One downside of the previous model is that the decoder is trying to cram lots of information into the hidden states. Whilst decoding, the hidden state will need to contain information about the whole of the source sequence, as well as all of the tokens have been decoded so far. By alleviating some of this information compression, we can create a better model!

We'll also be using a GRU (Gated Recurrent Unit) instead of an LSTM (Long Short-Term Memory). Why? Mainly because that's what they did in the paper (this paper also introduced GRUs) and also because we used LSTMs last time. Both GRU and LSTM are pretty much the same as they differ from regular RNNs.

### Data Preparation.
The preparation of the data is just like from the previous Notebook. Nothing will change that much.

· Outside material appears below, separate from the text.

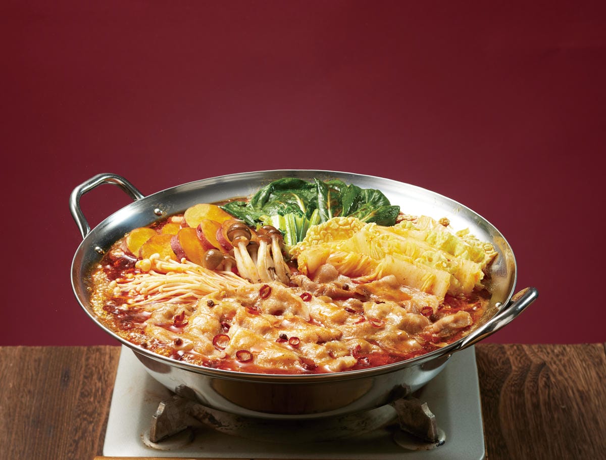 味の決め手は「自家製辛みそ」と「牛だし」で作る特製スープ!辛さは控えめで、ぷりっぷりの牛ホルモンの旨みを堪能できる人気のお鍋です。

If there's a code block that changes along the way i will highlight changes.



In [1]:
import torch
from torch import nn
from torch.nn  import functional as F
import spacy, math, random
import numpy as np

from torchtext.legacy import datasets, data

### Setting seeds

In [2]:
SEED = 42

np.random.seed(SEED)
torch.manual_seed(SEED)
random.seed(SEED)
torch.cuda.manual_seed(SEED)
torch.backends.cudnn.deteministic = True

### Creating Tokens

In [3]:
import spacy
import spacy.cli
spacy.cli.download('de_core_news_sm')

import de_core_news_sm, en_core_web_sm

spacy_de = spacy.load('de_core_news_sm')
spacy_en = spacy.load('en_core_web_sm')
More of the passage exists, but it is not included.